Rep. Sam Graves, R-Mo., cited several recent studies, including an October Gallup poll, that found complying with government regulations was the most important problem that small business owners faced.
"According to a 2010 Small Business Administration study, small firms bear a regulatory cost that is 36 percent higher than the cost of regulatory compliance for large businesses," said Graves, who chairs the Small Business Committee.
"Economic recovery begins with our small businesses, but this will not happen unless we rein in the mass of regulations coming from Washington," he said.
A White House statement issued before the vote Thursday said the Regulatory Flexibility Improvements Act "would impose unneeded and costly analytical and procedural requirements on agencies that would prevent them from performing their statutory responsibilities. It would also create needless regulatory and legal uncertainty and increase costs for businesses and further impede the implementation of common-sense protections for the American public."
Similar language was used in the White House critique of the Regulatory Accountability Act, charging that it would "require cumbersome 'formal' rule-making for a new category of rules, for which agencies would have to conduct quasi-adjudicatory proceedings. It would impose unnecessary new evidentiary standards as a condition of rule-making," the statement said. "It would subject the regulatory process to unneeded rounds of litigation . . . and undermine the executive branch's ability to adapt regulatory review to changing circumstances.
The Obama administration argued that its "deep commitment to promoting small business" and relieving regulatory burdens is reflected in the president's January executive order.
The Regulatory Flexibility Improvements Act was blasted by Scott Slesinger, legislative director of the Natural Resources Defense Council.
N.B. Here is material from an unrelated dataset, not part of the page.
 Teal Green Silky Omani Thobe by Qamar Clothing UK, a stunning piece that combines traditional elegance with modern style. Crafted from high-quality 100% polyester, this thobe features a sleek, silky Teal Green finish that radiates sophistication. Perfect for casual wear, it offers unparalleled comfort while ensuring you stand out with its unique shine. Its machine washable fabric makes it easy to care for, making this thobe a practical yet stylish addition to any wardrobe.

He told Government Executive it "has nothing to do with small business but gives large businesses the opportunity to hide behind small business in analyzing the impact." It also would "give the SBA power to hold up regulations, making it a super-regulator," he said.
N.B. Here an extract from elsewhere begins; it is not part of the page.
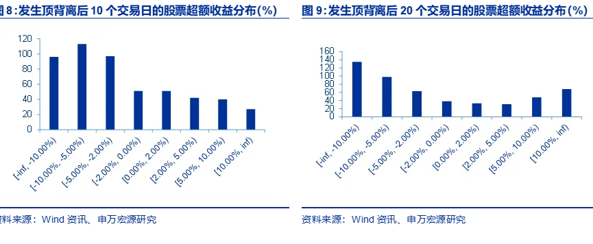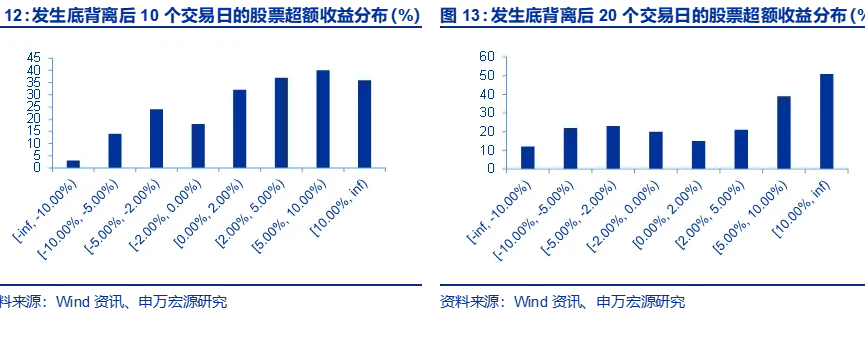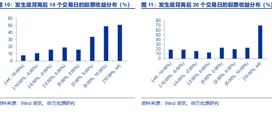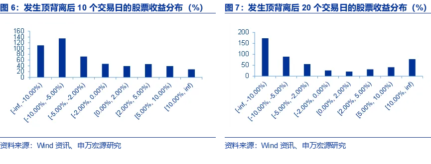 从顶背离来看,收益分布出现了明显的长尾效应:虽然大部分个股倾向于下跌,下跌的分布数量也较为集中,但上涨不同幅度的股票都有分布,也出现了10个交易日后涨幅超过10%的股票,这一点在20个交易日即时间拉长后体现的更加明显,出现了一定的“尾部上翘”的特征,说明确实有部分股票即使在顶背离后出现较大幅度的上涨。顶背离形态存在错过大牛股的可能性,股票从概率上有更高下跌的概率,但也有上涨幅度较多的个股,因此具体还应结合基本面一起分析。

The Regulatory Accountability Act drew equally harsh criticism from Katherine McFate, president of the nonprofit OMB Watch. She wrote in a blog that it would "mandate new, duplicative agency reviews; overturn established administrative law practices; give corporate interests countless new ways to influence, slow, or simply stop the rule-making process; and allow judges to substitute their own judgments for those of scientific experts and agency staff."